Your objective: All that is needed is the line containing "Abbildung 1: Lageplan" and the lines after it to the end of the material, written out exactly, pictures left aside.

Extracted records:
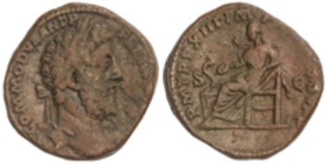
108 50 €
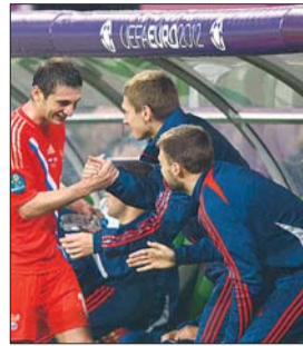
扎戈耶夫一鸣惊人。
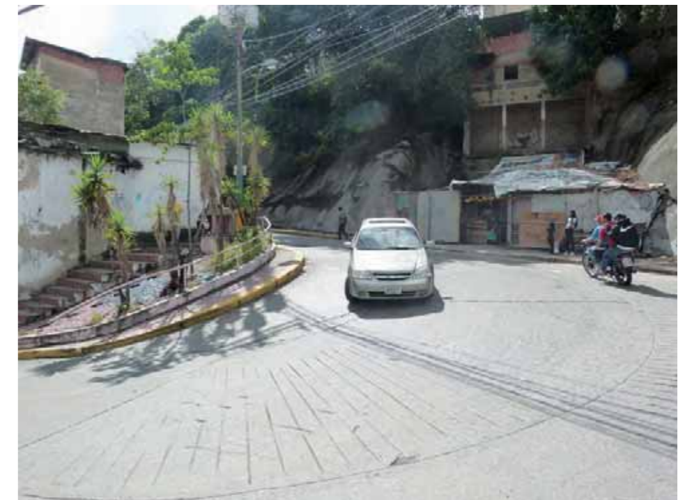
La curva del Paragua

- Aquí venían los claveles de Galipán. Las rosas tienen un perfume muy delicado. El crisantemo no tiene olor. El gusto
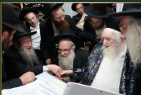
הגאון רבי יצחק סורוצקין חבר מועצג"ת בארה"ב ודיש מתיבתא דליוקווד
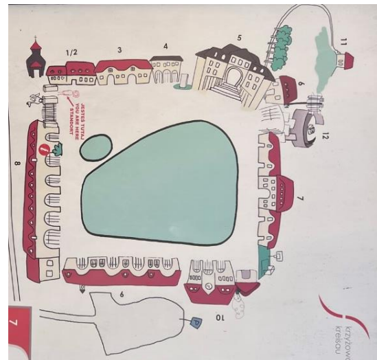
Abbildung 1: Lageplan des Guts Kreisau auf einer Infotafel

Noch bevor man das Gut betritt, befindet sich außerhalb der Tormauern eine von Helmuth von Moltke selbst entworfene Kapelle. Zwei Jahre nach Erwerb des Guts starb seine Gattin an Weihnachten 1868. Nach der Fertigstellung im Jahr 1869 bestattete er seine geliebte Ehefrau in der Kapelle und wurde selbst 23 Jahre nach ihrem Tod dort neben ihr begraben. 56
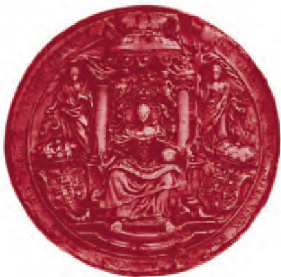
Le sceau de l'impératrice apposé au décret concernant le marché
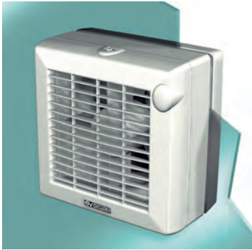
Punto mit Fenstereinkaufkit

Aus jedem Punto wird durch das Fensterkit ein vollwertiger Fensterventilator !

Solution to this problem:
Abbildung 1: Lageplan des Guts Kreisau auf einer Infotafel

Noch bevor man das Gut betritt, befindet sich außerhalb der Tormauern eine von Helmuth von Moltke selbst entworfene Kapelle. Zwei Jahre nach Erwerb des Guts starb seine Gattin an Weihnachten 1868. Nach der Fertigstellung im Jahr 1869 bestattete er seine geliebte Ehefrau in der Kapelle und wurde selbst 23 Jahre nach ihrem Tod dort neben ihr begraben. 56
Le sceau de l'impératrice apposé au décret concernant le marché
Punto mit Fenstereinkaufkit

Aus jedem Punto wird durch das Fensterkit ein vollwertiger Fensterventilator !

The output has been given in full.